Is it true that for infinitely many values of $n$, the sum of digits of $2^n$ is greater than for $2^{n+1}$?

Expanding on Deven Ware's observation: assuming $S(2^n)$ is eventually nondecreasing, not only would it strictly increase, but we can give a non-trivial lower bound on its rate of growth.

Working mod $3$, for instance, note that if for some $m$, $S(2^m) \equiv 2 \pmod 3$, then $S(2^{m+1}) \equiv 1 \pmod 3$, so if $S(2^{m+1}) > S(2^m)$ then in fact $S(2^{m+1}) \ge S(2^m)+2$. We can easily see this leads a lower bound of $$S(2^n) \ge \tfrac32 n + O(1),$$ which is stronger than the $n+O(1)$ lower bound one gets from just being strictly increasing.

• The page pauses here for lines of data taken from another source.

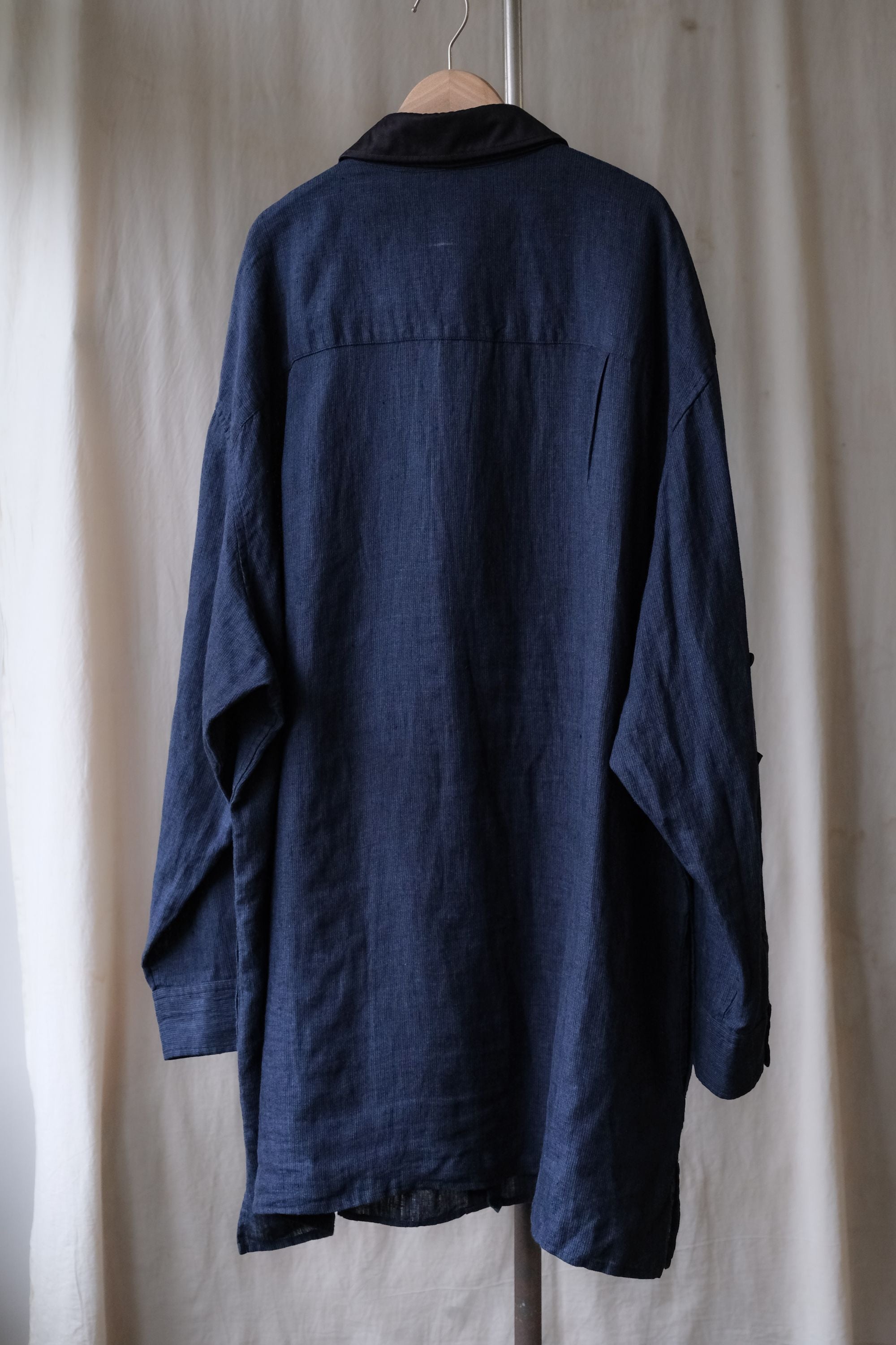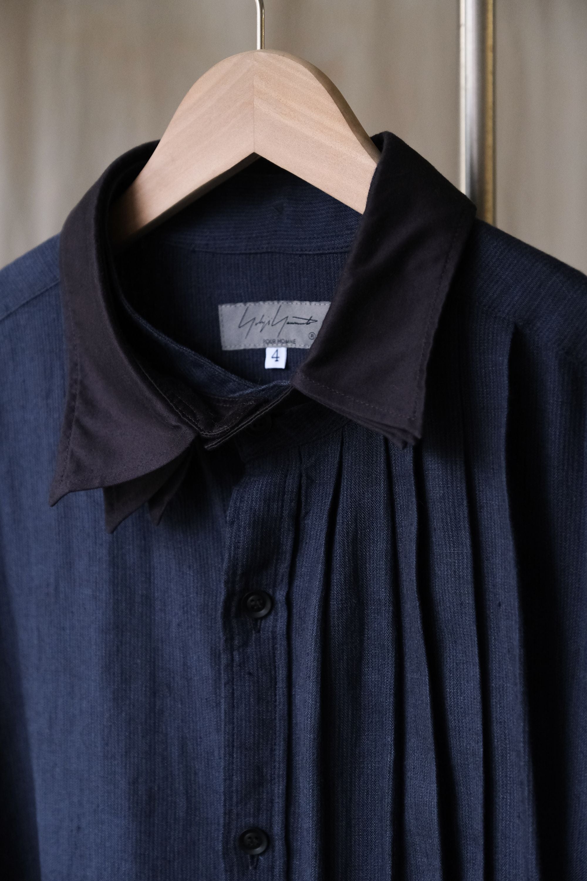 Yohji Yamamoto Pour Homme 23S/S Pleated Detail Linen Long Shirt Navy 山本耀司男裝主線 皺褶裝飾亞麻長版襯衫 可拆領
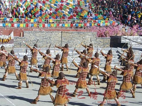 10月26日,在甲居藏寨,處處洋溢著豐收和歡樂的氣氛,人們扶老攜幼,身著節(jié)日的盛裝走到一起,來共同慶祝丹巴嘉絨風(fēng)情節(jié)的順利召開。在一塊空地中,搭建了臨時(shí)的舞臺,看臺上,幾座古碉模型傲然挺立,在不遠(yuǎn)處,一座古碉矗立在一座小山包上,與古碉模型遙相呼應(yīng)、相映成趣。上午9時(shí)40分,當(dāng)節(jié)目主持人宣布嘉絨風(fēng)情節(jié)正式開始時(shí),一束束搖曳的煙花向空中飛去,在空中炸響后,散發(fā)出五顏六色的煙霧,其中有的還幻化成幾多小小的降落傘,就像多多盛開的鮮花在空中綻放。演出現(xiàn)場前的大地和遠(yuǎn)處的小山坡上到處都站滿了熱情的觀眾,合著禮花的爆裂時(shí)的響聲,將手中的小紅旗展開,高舉過頭頂,有節(jié)奏的左右搖動(dòng),霎時(shí)間,整個(gè)現(xiàn)場成為了紅色的海洋。
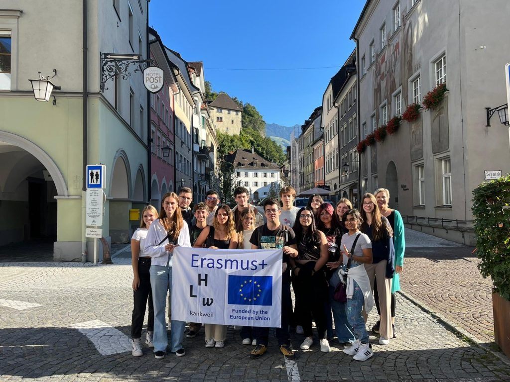 6.10.2023 Schülerinnen und Schüler der 3B der HLW Rankweil heißen spanische Erasmus+-Freunde willkommen.

On the other hand, since $2^n$ has $\frac{\log 2}{\log 10}n + O(1)$ digits, we have an upper bound of $$S(2^n) \le 9\frac{\log 2}{\log 10}n + O(1) < 2.71n + O(1).$$ This doesn't contradict our lower bound of $S(2^n) \ge \tfrac32 n + O(1)$, but look at what happens when we work modulo $9$ instead:

The sequence $\{2^n\}$ cycles modulo $9$ as $1,2,4,8,7,5,1,\ldots$, and $\{S(2^n)\}$ follows exactly the same cycle. However, if we assume $S(2^n)$ is (eventually) nondecreasing, then starting from any sufficiently large $m$ such that $S(2^m) = 9k+1$, we have the chain of inequalities:

\begin{align} S(2^{m+1}) &\ge 9k+2, \\ S(2^{m+2}) &\ge 9k+4, \\ S(2^{m+3}) &\ge 9k+8, \\ S(2^{m+4}) &\ge 9k+16, \\ S(S^{m+5}) &\ge 9k+23, \\ S(S^{m+6}) &\ge 9k+28, \end{align}

which yields a lower bound of $S(2^n) \ge \frac{27}{6} n + O(1) = 4.5n + O(1)$. This does contradict the upper bound from the number of digits, so indeed $S(2^n)$ must decrease infinitely often.

What homework is this from? This is actually quite a pretty question, and I'm both pleased and impressed that it can be answered by such elementary methods.